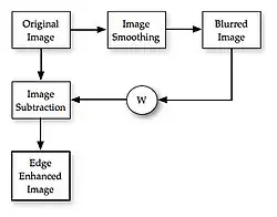 - Unsharp Masking is a technique which can also be used for image enhancement. Here a blurred version of the image is subtracted from the original using a weighting factor, W, which can control the degree of edge enhancement - see Figure 5.12. The edge enhancement effect is similar to that achieved using spatial or Fourier filtration, as can be seen in Figure 5.13.
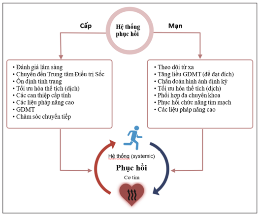 Hình 1. Vai trò của các hệ thống chăm sóc trong việc phục hồi cơ tim và phục hồi toàn thân ở bối cảnh cấp tính và mạn tính (6)
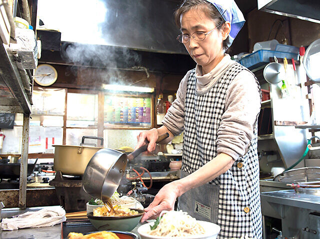 名物「ひたし天そば」が食べられるのは、創業40年近くという老舗のお蕎麦屋さん。冷たいお蕎麦は、大きなかき揚げがのった温かい汁にひたしながらいただきます。お蕎麦は、もちろんこだわりの手打ち。シコシコの歯触りが心地いい♪

Work task »
All of the material must be given again exactly, though no picture may appear in the copy.

Written reply »
 - Unsharp Masking is a technique which can also be used for image enhancement. Here a blurred version of the image is subtracted from the original using a weighting factor, W, which can control the degree of edge enhancement - see Figure 5.12. The edge enhancement effect is similar to that achieved using spatial or Fourier filtration, as can be seen in Figure 5.13.
 Hình 1. Vai trò của các hệ thống chăm sóc trong việc phục hồi cơ tim và phục hồi toàn thân ở bối cảnh cấp tính và mạn tính (6)
 名物「ひたし天そば」が食べられるのは、創業40年近くという老舗のお蕎麦屋さん。冷たいお蕎麦は、大きなかき揚げがのった温かい汁にひたしながらいただきます。お蕎麦は、もちろんこだわりの手打ち。シコシコの歯触りが心地いい♪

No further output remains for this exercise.